Twelve years ago, I left behind a life and career in New York City to move full time to our farm in rural Bucks County, Pennsylvania, a new career, and a calmer, "greener" existence. Planting and gardening, animals and wildlife, building and repairing, harvesting and cooking, writing and lecturing, joy and contentment are all integral parts of this wonderful new existence. It has been a revelation to me, and one I would not only like to share with you but urge you towards. I look forward to your comments.

Thursday, July 16, 2009

A BRIEF HISTORY

I have been working on a history of the farm and gardens for the past few months and thought, this month, i would share a bit of it with you. For those of you unfamiliar with Bucks County, we are a place unusually rich in American history, having been settled in the 17th Century by immigrants from Europe even in advance of the arrival of William Penn in 1682. Our little town, Wrightstown, was first incorporated in 1692 and, by 1787, was a flourishing little township of 4 peaceable hamlets, 364 inhabitants, and 58 handsome, stone dwellings.



Ours, situated in a little valley about a mile east of Wrightstown center, was begun by William Warner, one of Wrightstown’s earliest settlers, who purchased the land from William Penn in 1690, but is believed to have immigrated from Blockley in England, where he was a captain in the service of Oliver Cromwell, as early as 1658. William was a member of the first assembly of Pennsylvania, and both the local deputy sheriff and justice of the peace. Although a primitive timber dwelling clearly existed prior to the present stone one, the earliest part of our house, a modest stone cabin: one room up, one down, was completed in 1723.



The second section of the house was built in 1746 by David Daws, the Wrightstown Quaker minister, who purchased 115 acres of William Warner’s tract, including the rudimentary house.
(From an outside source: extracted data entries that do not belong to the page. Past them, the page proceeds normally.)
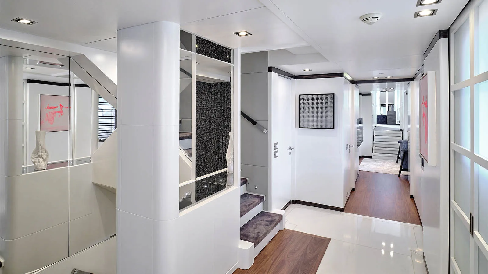 Built with a aluminium hull and aluminium superstructure, she benefits from a semi-displacement hull to provide exceptional seakeeping and impressive speeds. Powered by twin MTU engines, she comfortably cruises at 16 knots, reaches a maximum speed of 23 knots with a range of up to 3,915 nautical miles from her 65,000 litre fuel tanks at 12 knots. Africa I features at-anchor stabilizers providing exceptional comfort levels.
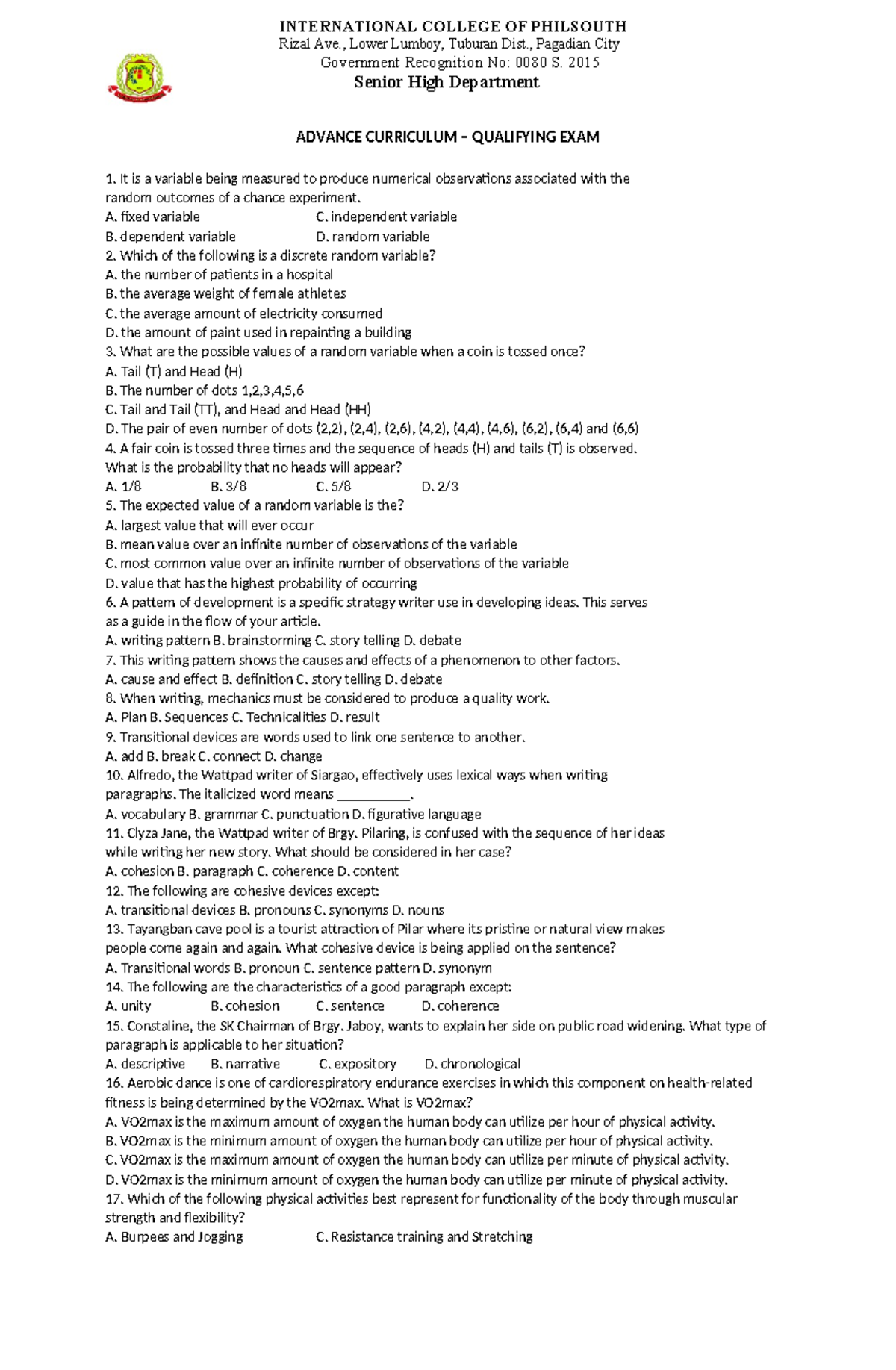 Advance Curriculum Qualifying EXAM - ADVANCE CURRICULUM – QUALIFYING ...
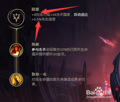 LOL8.17版本山公打野在副系符文选择上比力喜好带紧密系,增添攻速,提高清野能力。再点出团战比力给力的凯旋和致命一击。
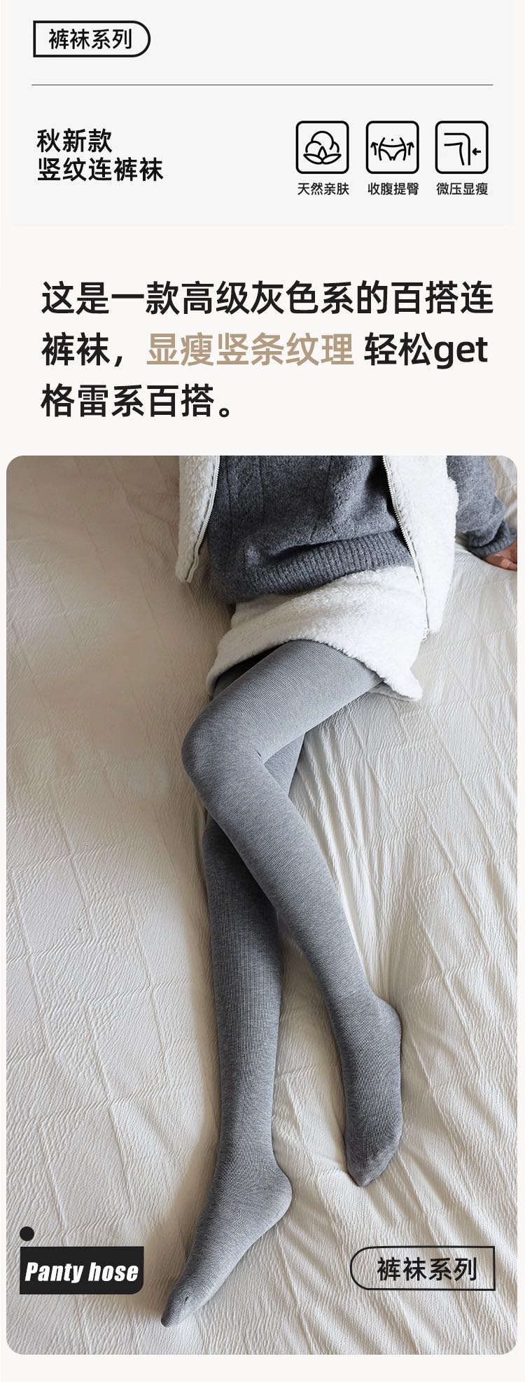 秋冬女士裸感打底【竖条纹加绒打底裤】 柔软亲肤 提拉臀线 显高显瘦 抗起球防勾丝 内搭外穿
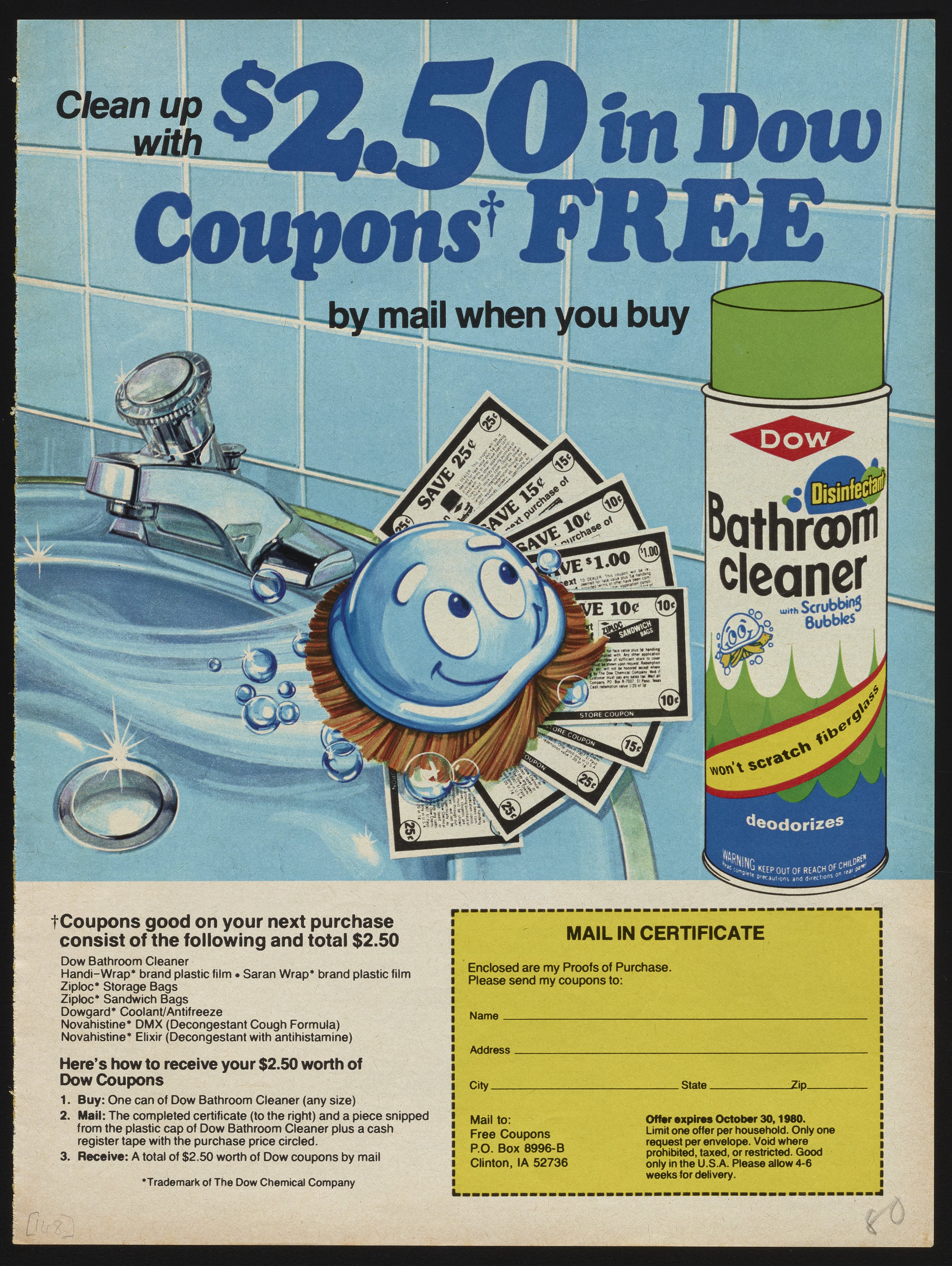 Color print advertisement for Dow Bathroom Cleaner featuring the Scrubbing Bubbles mascot. The advertisement includes a mail-in certificate for coupons good towards the purchase of several Dow products, including Bathroom Cleaner, Handi-Wrap, Saran Wrap, and Ziploc. This advertisement appeared in the July 1980 issue of Better Home and Gardens.

This section was approximately twice as big as the earlier one, with a real second floor and attic, wide plank floors, and ammunition drawers under the north and south facing windows. Tragically, David Daws died a brief two years later, thereupon leaving the property to his daughter Elizabeth, who subsequently married John Warner, the boy next door and grandson of William, happily reuniting the parcels and reestablishing the original Warner acreage. By 1770, the recombined property was a substantial holding of 300 acres known locally as “Warnerland”.



In 1793, when the end of the American Revolution had restored peace and prosperity to the region, Isaiah Warner, son of John and Elizabeth, built the third and final section of the house. It is a courtly box of a stone dwelling, joined to the others like the biggest block in a row of three, with impressive cornerstones and a fine paneled parlor stained “original blue” with essence of blueberry. The "Isaiah Warner House" was added to the National Register of Historic Places in 2004.



It was in the 19th Century that the Warners married into the local Thompson family, who had established one of the first, big grain mills on nearby Pidcock Creek in the hamlet of Wycombe. It was then that the road from house to mill was named “Thompson’s Mill Road”. The amalgamated Warner/Thompson clan ran the mill in Wycombe and farmed their property right into the 20th Century, their cleared acreage being given over to dairy herds and corn.



Around 1860, when the prosperity signaling the end of the Civil War again revitalized the region, two immense dairy barns were constructed on the farm, then outbuildings for storing the milk, carriage and equipment sheds, and a corncrib for the storage of winter sustenance for the herds. At the back of the house, across little Fire Creek, a small holding pond was built to keep the big canisters of milk cool in hot weather, as well as a stone icehouse.



And so the family of farmers and millers and devote Quakers of sound fortune prospered until 1918, when the last of the Warners to inhabit the property was forced to sell the historic homestead. By 1933, as the Great Depression tore through the solvency of the district, the fortunes of "Warnerland" hit rock bottom, and the property, by then so derelict it was known locally as “Skunk Hollow”, was sold at sheriff’s sale for $370.91. The former Warner seat continued its slow, poignant decline into disrepair, until 1980, when, by then reduced to a scant 15 acres, we, guided by what was surely blind providence, chanced upon it.



We began the resuscitation of the farm, the initiation of the gardens,and the acquisition of what now constitutes 100 of "Warnerland's" original 300 acres that same year. And the rest, as they say, is history.